Sat, 08 Feb 2003 03:00:00 GMT  
 less parentheses --> fewer parentheses

| Along these lines, I remember someone suggesting the idea of getting emacs
| to display them in a colour that is almost the same as your background
| colour so that, while they are there, they are almost not there. I thought
| that sounded like an interesting idea.
|
| Has anyone hacked any of the emacs lisp modes to do this? It seems that
| parens don't have a face in GNU/X emacs so it didn't seem trivial.

Actually it is trivial.  Here's what I posted just a few days ago to
comp.lang.scheme:

(defvar paren-face 'paren-face)
(make-face 'paren-face)
(set-face-background 'paren-face "black")
(set-face-foreground 'paren-face "white")

(add-hook 'scheme-mode-hook
          '(lambda ()
             (setq scheme-font-lock-keywords-2
                   (append '(("(\\|)" . paren-face))
                           scheme-font-lock-keywords-2))))
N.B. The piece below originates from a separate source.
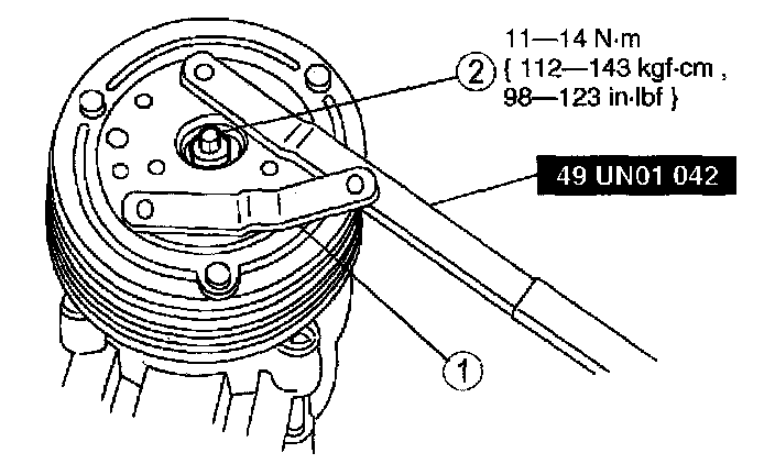 1. Hold the A/C clutch hub with the Spanner Wrench ST49-UN01-042.

Changing this to lisp-mode-hook and lisp-font-lock-keywords should
work for Lisp-mode and, as far as I could tell, it works in both GNU
and XEmacs.

--

Remember, even if you win the rat race -- you're still a rat.



Sun, 09 Feb 2003 08:10:03 GMT  
 less parentheses --> fewer parentheses

Quote:


>| Do you speak in German so perfectly as you speak in English?
>|
>| Go sit in a corner and think about that!
>  You aren't excused for this argument just because you're German.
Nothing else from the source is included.